May God richly bless you all and I hope you are enjoying your summer.
P.S. One of the things that makes me hesitate to post is feeling like I have to have everything “perfect.” “Just like so-and-so’s.” Well, as you can clearly see, this isn’t perfect, but I wanted to share a couple of my thoughts and pictures regardless. I have a lot to learn: in writing, and painting, in scanning the pictures and editing them in Lightroom, but here they are anyway! 😉
Good night!
Thankyou for sharing your heart! I am so glad to see your newest blog & thank the Lord for His faithfulness in bringing you through this long dark tunnel!?
I am so glad to see you take the brush/paint/pen in hand and continue to use them for His glory!! There probably will be bends in the road from time to time, but you have witnessed his grace & power and you know that he is able to bring you through the storm and set you up on a rock .Press on my dear Friend . Keep writing and painting & should you ever feel that any of what you do is not good enough to post, just re-read your ps on this post?
I will continue to pray for you everyday!
Love you
Joan
You are so sweet, my friend!
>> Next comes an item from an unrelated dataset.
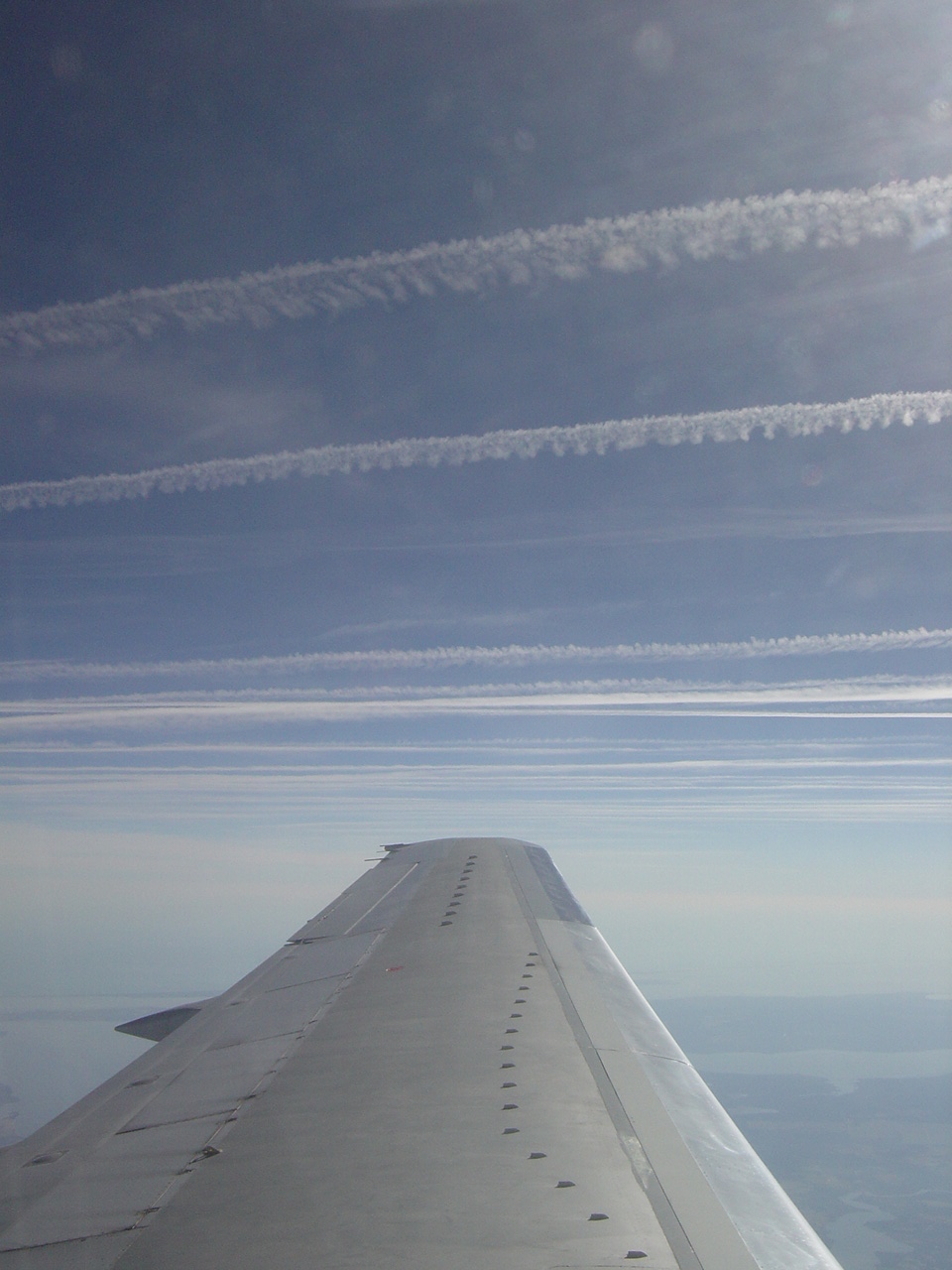 View from the Air On the same day and in the same area as above, here is a view from the air. This is taken on a southbound flight over North Carolina at 9:45 am on Feb. 20, 2004. From this perspective, one can see the large number of contrails from the morning's air traffic being carried slowly eastward over the Atlantic Ocean by the prevailing winds. Photo by Dr. Paul Filmer, |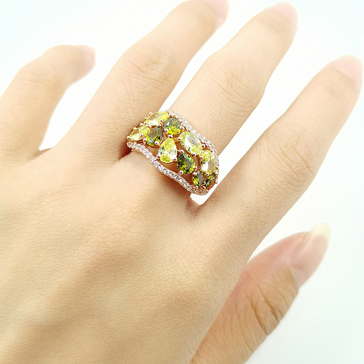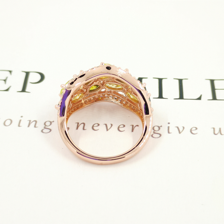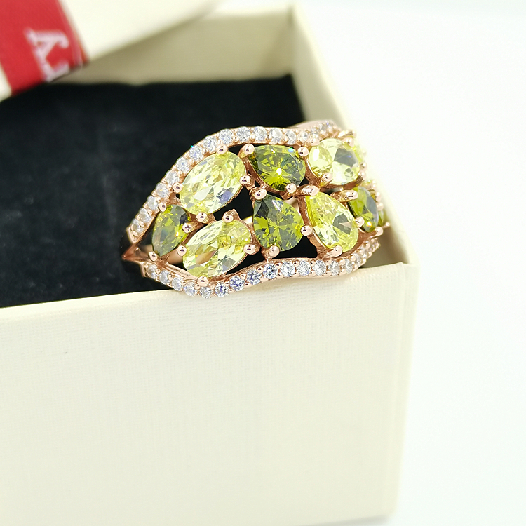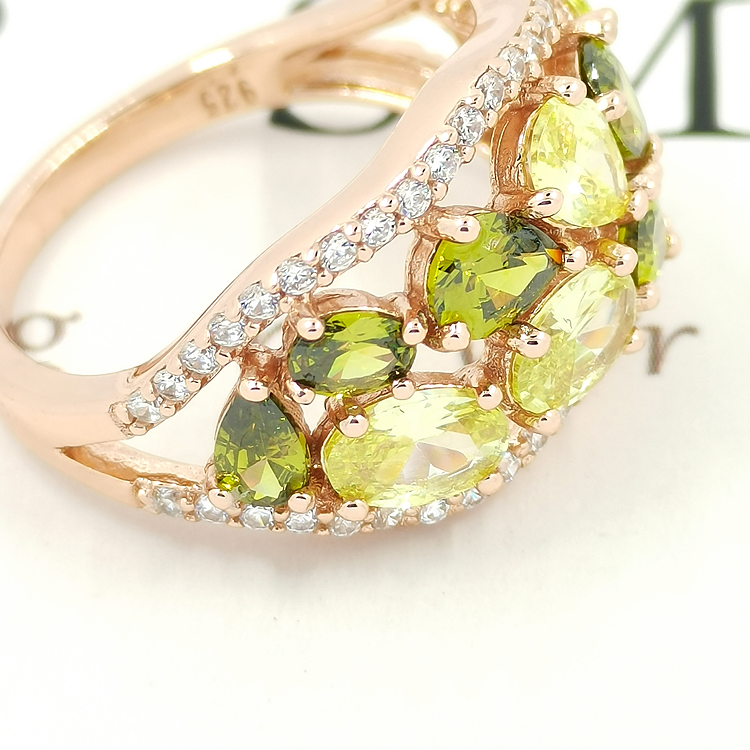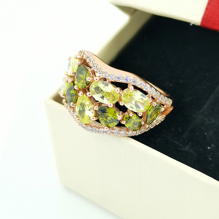 Turkish Style Natural Crystal Silver Green Gemstone Rose Gold 925 Silver Rings

Thank you once again for your cheers and for your constant prayers and love for me. I love you too! Mitzi 🙂
It sure was a blessing to read your post and hear that you are doing better. I think and pray for you often, always wondering how you truly are doing. I love to read your posts, especially when your funny whit comes rolling out. You make me laugh. You write like your sitting right here in the room. Take care and I will be standing by waiting to hear more. Love ya Mitz
What a sweet and encouraging comment! Can’t thank you enough for your prayers and thank you for cheering me on! Means so much! Love you too Beck!